In the present COVID-19 pandemic, the discovery of new medications is challenging, time-consuming, risky, and less successful, and drug repurposing is a good option (217, 218). Minocycline is a second-generation semi-synthetic tetracycline derivative with a good safety profile (219). In addition to being a broad-spectrum antibiotic (220), it is also a broad-spectrum antiviral agent (e.g., HIV, WNV, DENV) (221–223) and possesses anti-inflammatory, antioxidant, anti-cell death (e.g., pyroptosis), immunomodulatory effects in terms of non-anti-microbial action (224–226). Fundamental investigations have demonstrated that minocycline inhibits caspase-1 activity in mice suffering from traumatic brain injury (TBI) (227); reduces the expression of caspase-1 to alleviate stress-induced depression in mice (228); acts as a caspase-1 inhibitor to delay the death of mice with Huntington’s disease (229); reduces caspase-1 activity in the retina of diabetic mice (230) and suppresses caspase-1 activation in mice with acute lung injury to reduce inflammation (231). Retrospective multicentre cohort studies have shown that minocycline inhibits caspase-1 to reduce the incidence of acute renal failure (232). In conclusion, minocycline can reduce IL-1β and IL-18 levels by selectively inhibiting caspase-1 expression and activation, and it can have anti-inflammatory and anti-pyroptosis effects in the lung and throughout the body. Minocycline could play an important potential role in treating patients with COVID-19 through these properties (233) and exert a powerful antimicrobial effect against co-infections/secondary bacterial infections in patients with COVID-19 (234, 235). A current clinical study indicates that the combination of minocycline and favipiravir has significant efficacy and safety in treating COVID-19 inpatients (236). Minocycline has also demonstrated efficacy in treating COVID-19 individuals who are secluded at home (237). In addition, minocycline has been known to be clearly and effectively used in treating RA for many years (238–240).

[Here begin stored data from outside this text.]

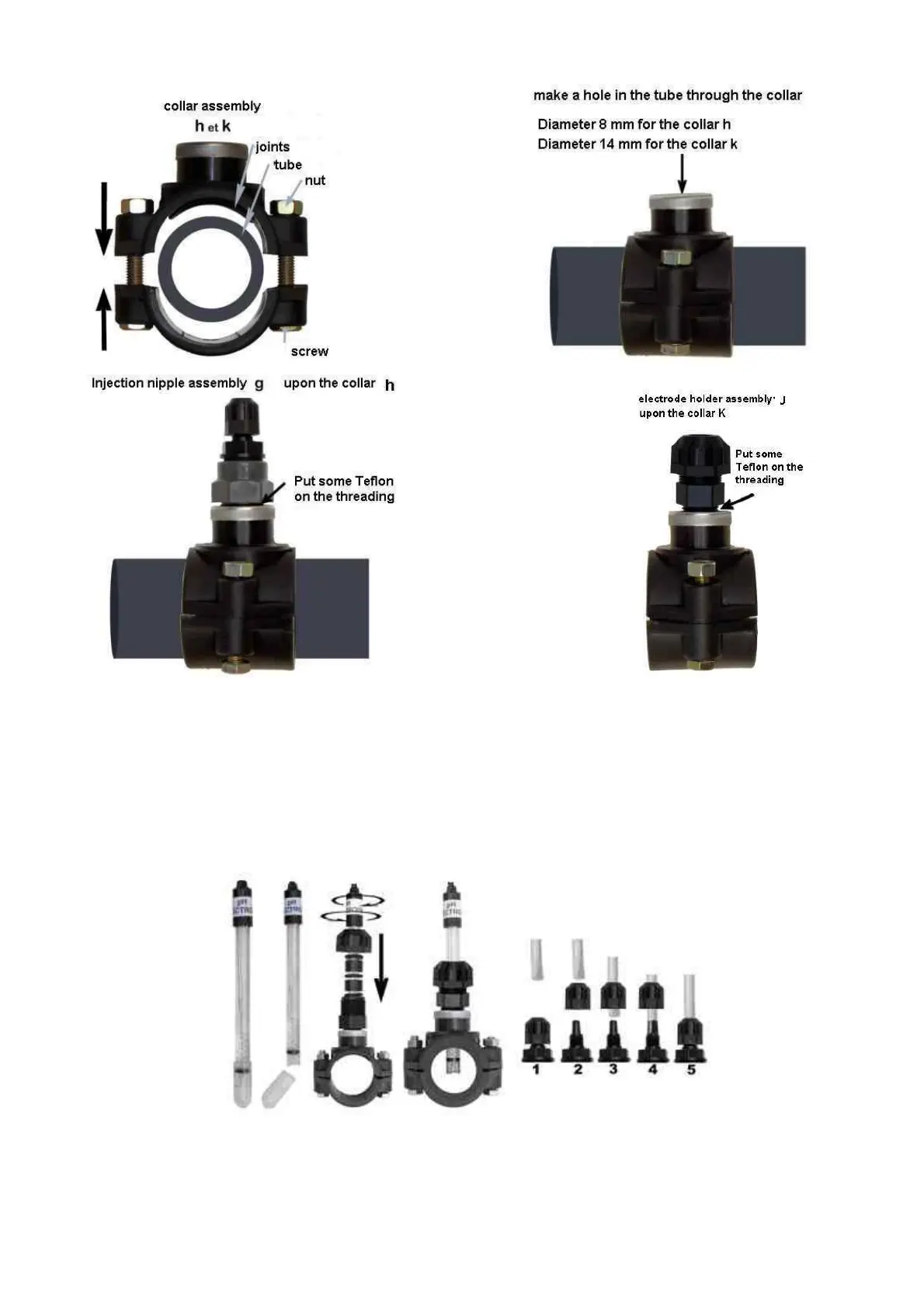 Assembly the electrode respecting the order of the pieces shown in the central figure.
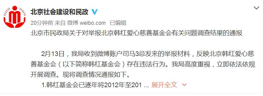 2月13日,我局收到微博账户司马3忌发来的举报材料,反映北京韩红爱心慈善基金会(以下简称韩红基金会)存在违法行为。我局高度重视,立即依法依规开展调查。现将调查情况通报如下。
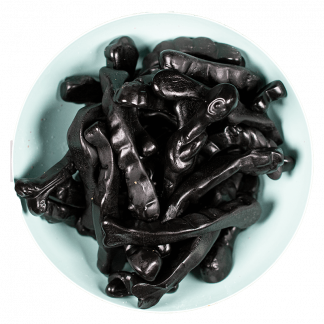 | Ingredienser | Sukker, glukosesirup, gelatine, vand, ammoniumchlorid (2, 1%), lakridsekstrakt (1, 7 %), farvestof: (E153), aromaer. |
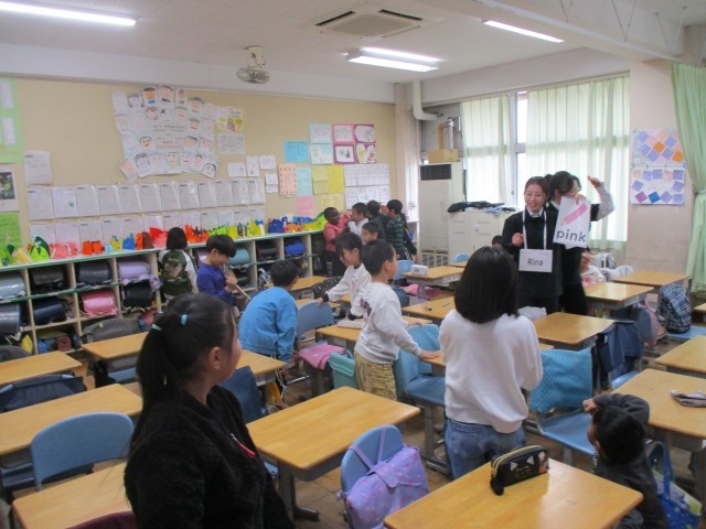 先週は少し緊張している様子が見られましたが、今週は子供たちも慣れてきて、いきいきと学習に取り組んでいました。色の名前を英語で言う練習をしたり、英語で言われた色を教室から探す活動をしたりと楽しく学習できました。

Thus, minocycline can counteract the “cytokine storm” inflammatory response and resist pyroptosis in patients with COVID-19 combined with RA by inhibiting the expression and activation of caspase-1. This process also indirectly demonstrates a potential caspase-1-directed pyroptosis and a shared pro-inflammatory mechanism between COVID-19 and RA, which requires further basic and clinical research.